[SOURCE RECORDS]
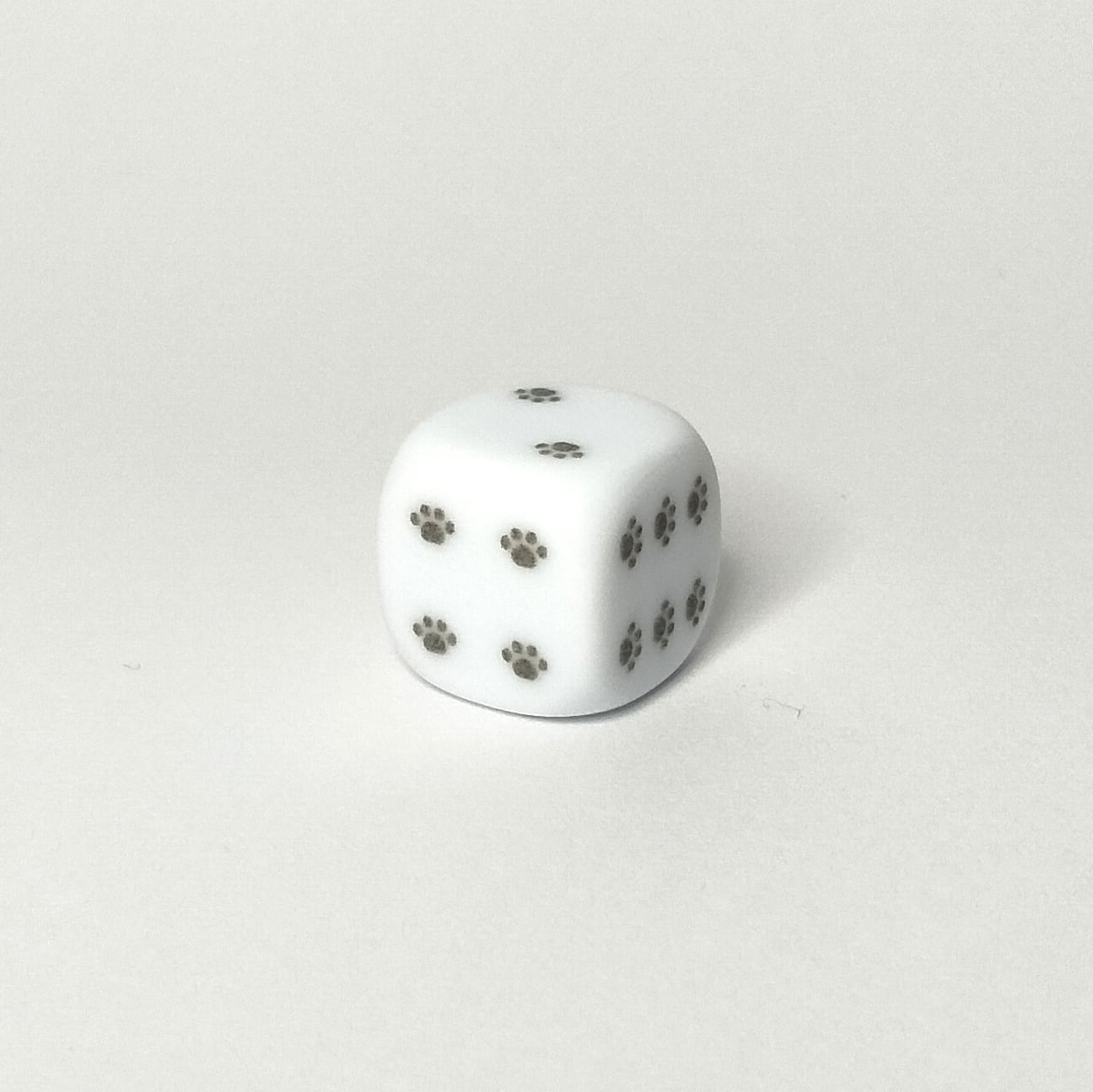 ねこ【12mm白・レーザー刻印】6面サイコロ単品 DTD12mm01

--

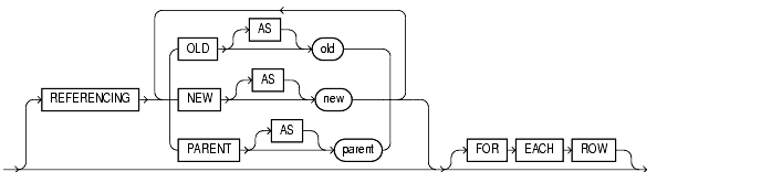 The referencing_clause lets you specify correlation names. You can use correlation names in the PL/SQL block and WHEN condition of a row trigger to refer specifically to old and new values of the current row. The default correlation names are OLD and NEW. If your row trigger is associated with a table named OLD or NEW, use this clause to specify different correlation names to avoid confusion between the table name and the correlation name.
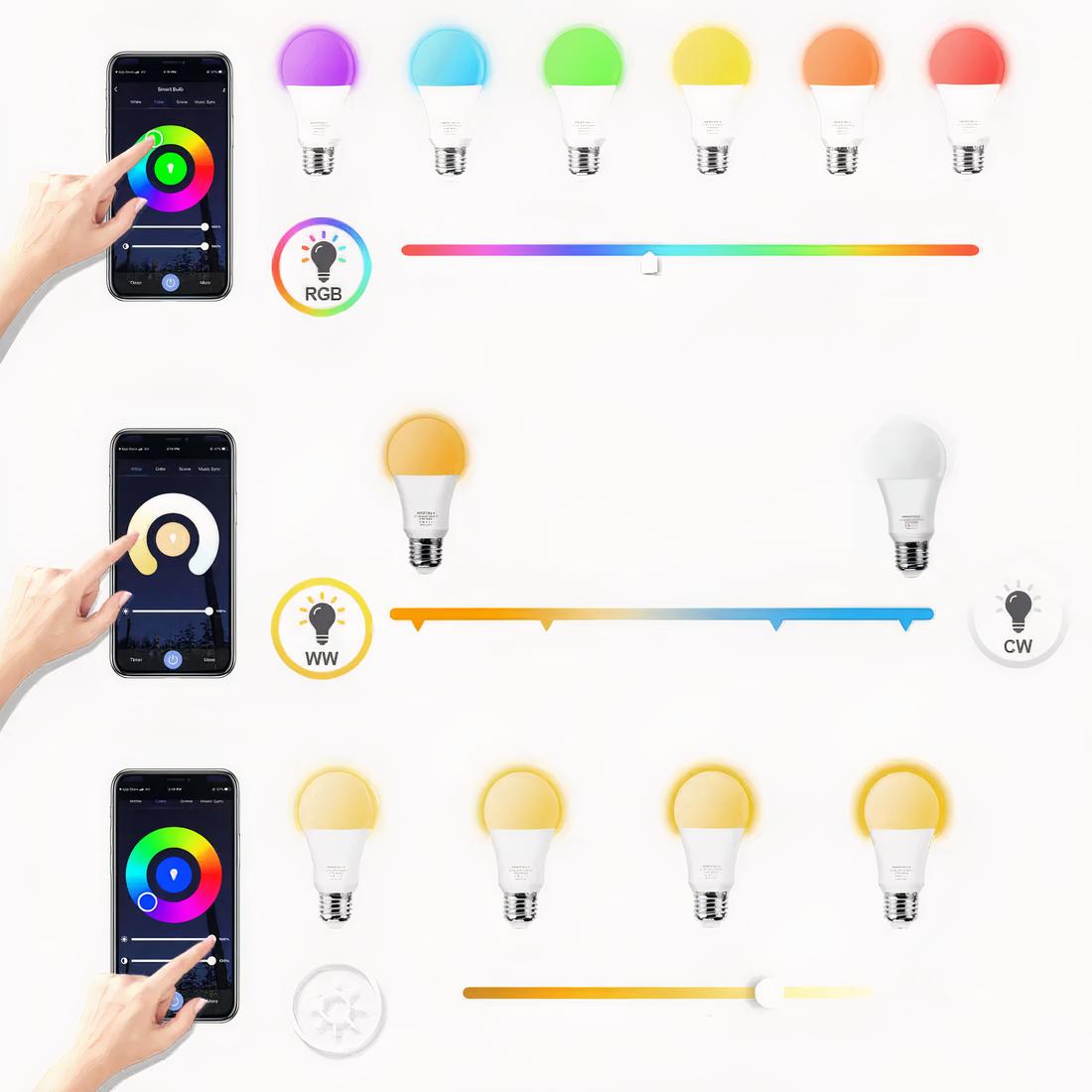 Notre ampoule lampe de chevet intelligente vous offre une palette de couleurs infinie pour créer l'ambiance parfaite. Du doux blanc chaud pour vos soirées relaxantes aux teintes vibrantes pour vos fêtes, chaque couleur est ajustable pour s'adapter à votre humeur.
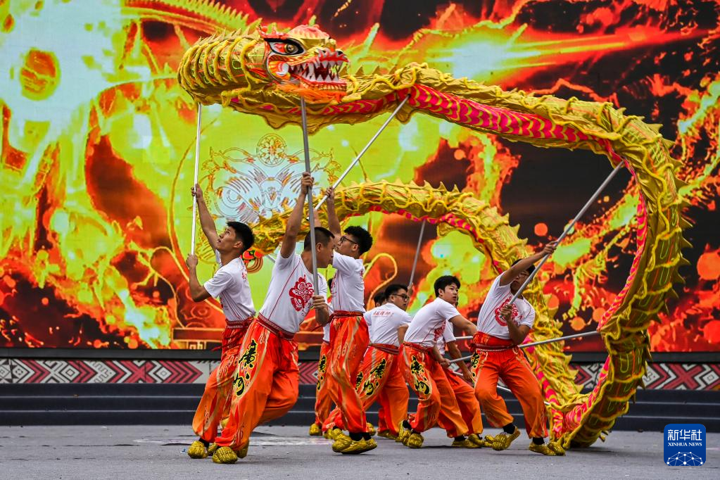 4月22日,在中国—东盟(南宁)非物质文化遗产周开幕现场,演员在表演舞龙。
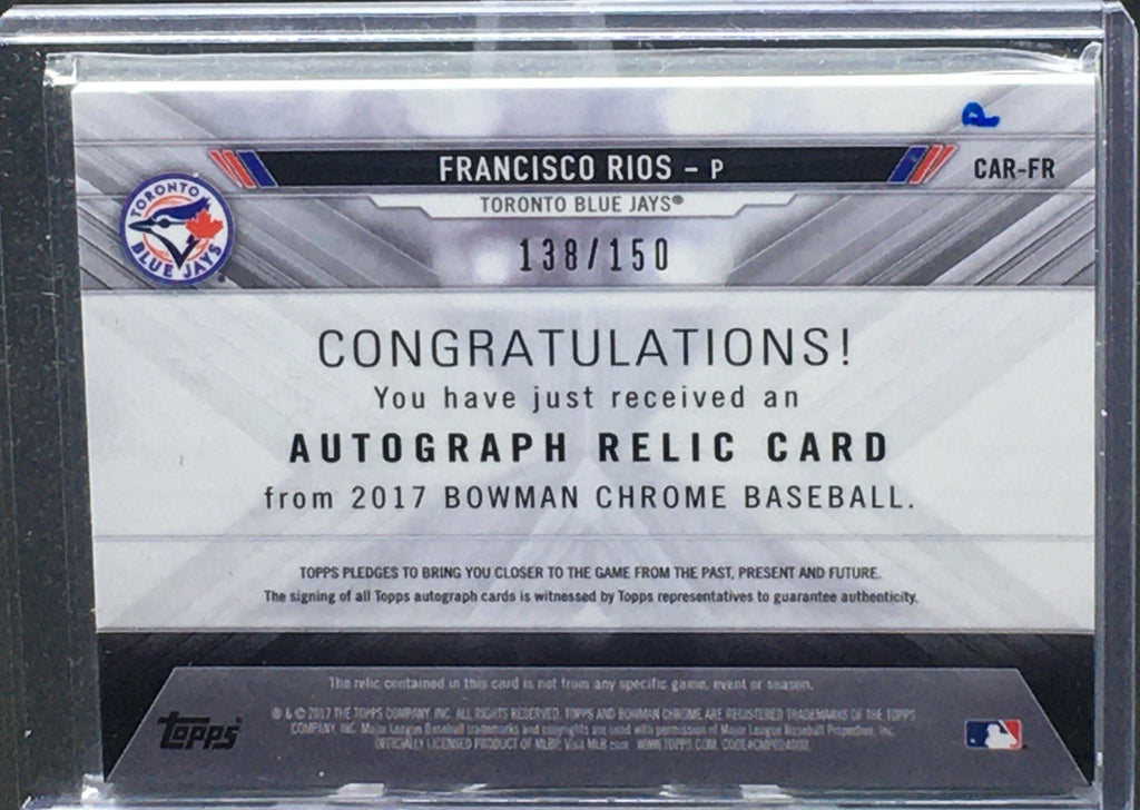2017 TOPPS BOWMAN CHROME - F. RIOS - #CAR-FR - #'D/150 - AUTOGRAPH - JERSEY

[WORK REQUEST] Treat the line with "The referencing_clause lets" as the start and the line with "2017 TOPPS BOWMAN" as the end, and return exactly that span of the data above, both ends included, without pictures.

[OUTPUT BELOW]
 The referencing_clause lets you specify correlation names. You can use correlation names in the PL/SQL block and WHEN condition of a row trigger to refer specifically to old and new values of the current row. The default correlation names are OLD and NEW. If your row trigger is associated with a table named OLD or NEW, use this clause to specify different correlation names to avoid confusion between the table name and the correlation name.
 Notre ampoule lampe de chevet intelligente vous offre une palette de couleurs infinie pour créer l'ambiance parfaite. Du doux blanc chaud pour vos soirées relaxantes aux teintes vibrantes pour vos fêtes, chaque couleur est ajustable pour s'adapter à votre humeur.
 4月22日,在中国—东盟(南宁)非物质文化遗产周开幕现场,演员在表演舞龙。
2017 TOPPS BOWMAN CHROME - F. RIOS - #CAR-FR - #'D/150 - AUTOGRAPH - JERSEY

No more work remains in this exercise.